-- The input follows --
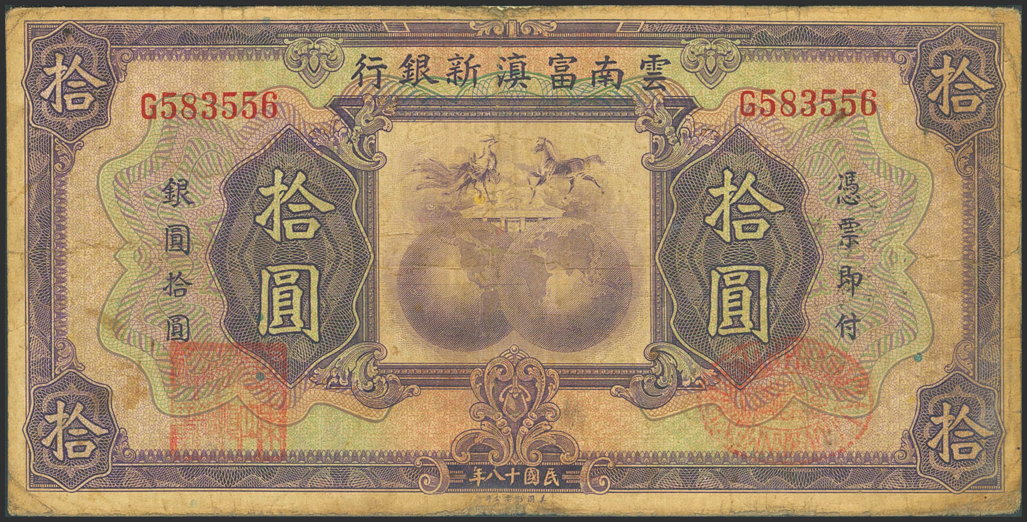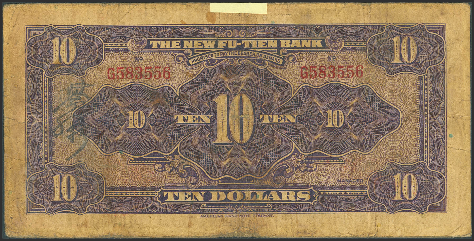 CHINA. 10 Dollars. 1929. New Fu-Tien Bank. (Pick: S2998a). Adhesive paper added to the top edge. Fine.
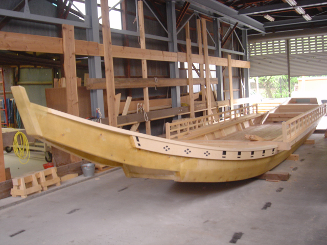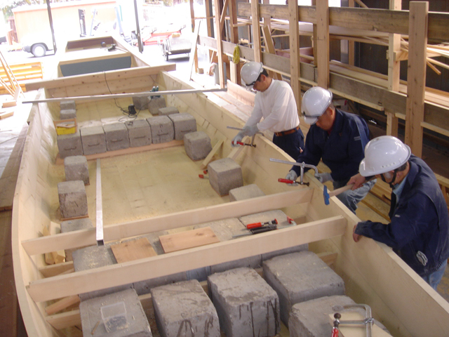 観覧船には設計図面は無く、経験豊かな船大工の匠の技で建造されています。観覧船1隻の完成には約半年間かかります。また、造船所内には、鵜匠が実際に使用していた鵜舟も展示されています。
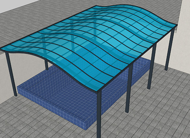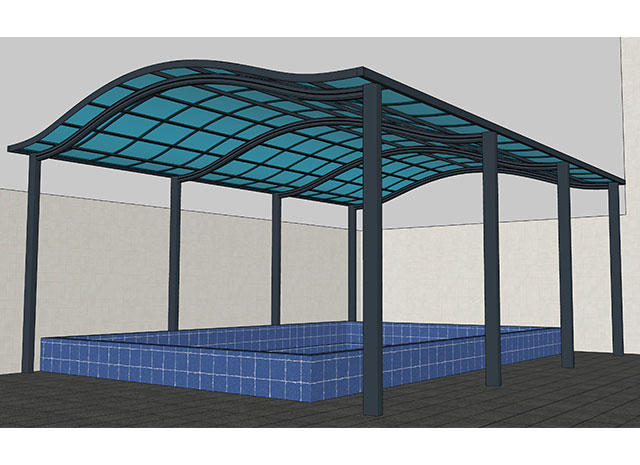 頂棚采用進(jìn)口聚碳酸酯板,抗沖擊是玻璃的數(shù)百倍,有效防止高空墜物
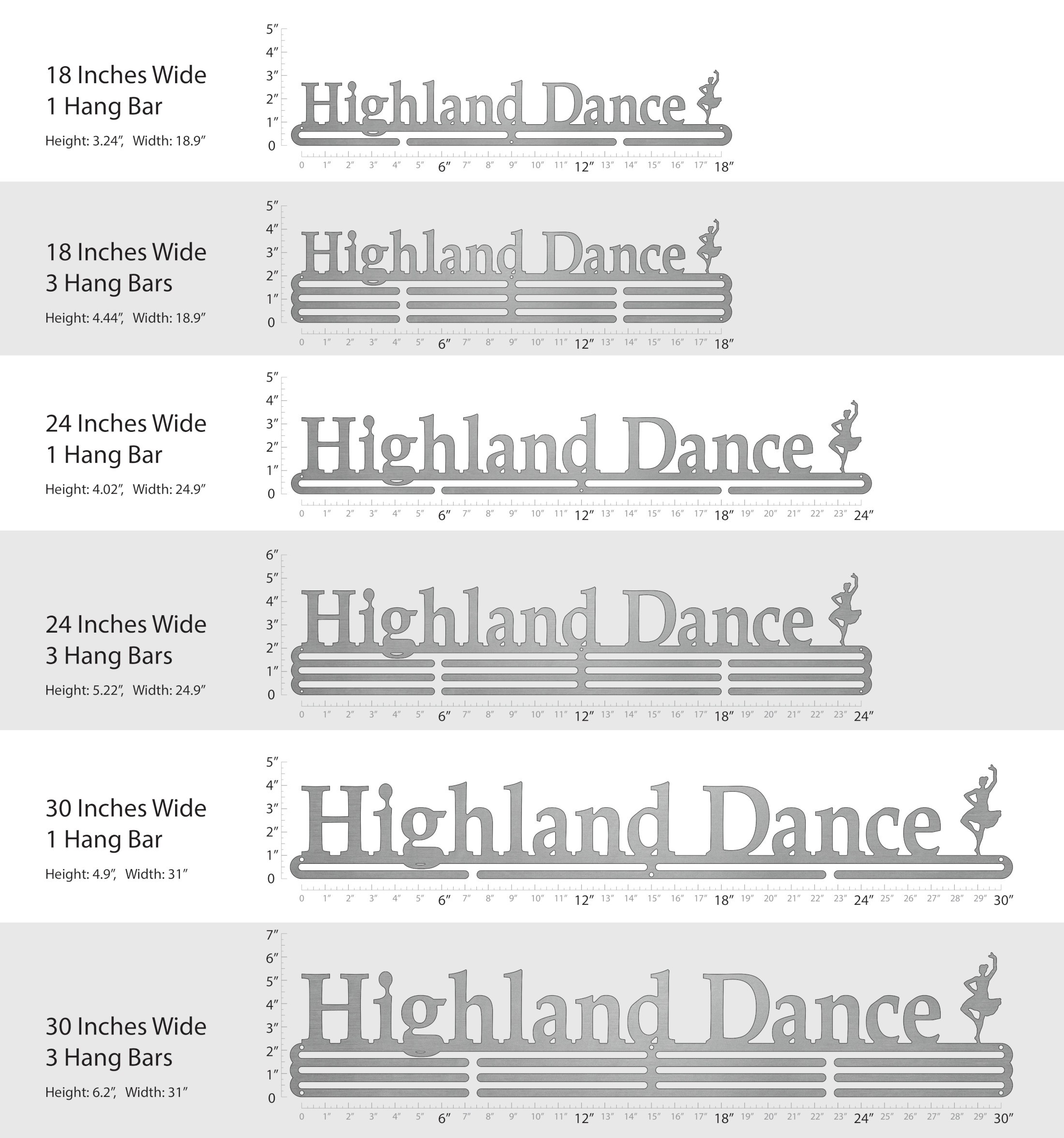 Unsure what size to get? We have created two consistently scaled images to show you what different sized displays look like when filled with medals.
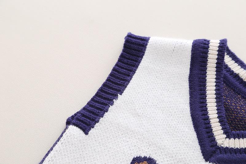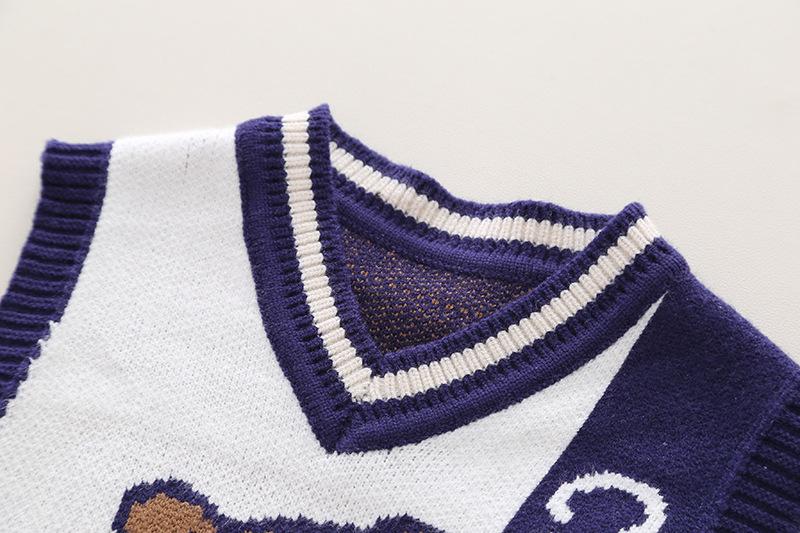 Long-sleeved bear sweater three-piece navy blue
-- The input concluded --
Copy nothing but the lines from the line holding "Unsure what size" through the last line of the entries, exactly, while leaving out the pictures.

 Unsure what size to get? We have created two consistently scaled images to show you what different sized displays look like when filled with medals.
 Long-sleeved bear sweater three-piece navy blue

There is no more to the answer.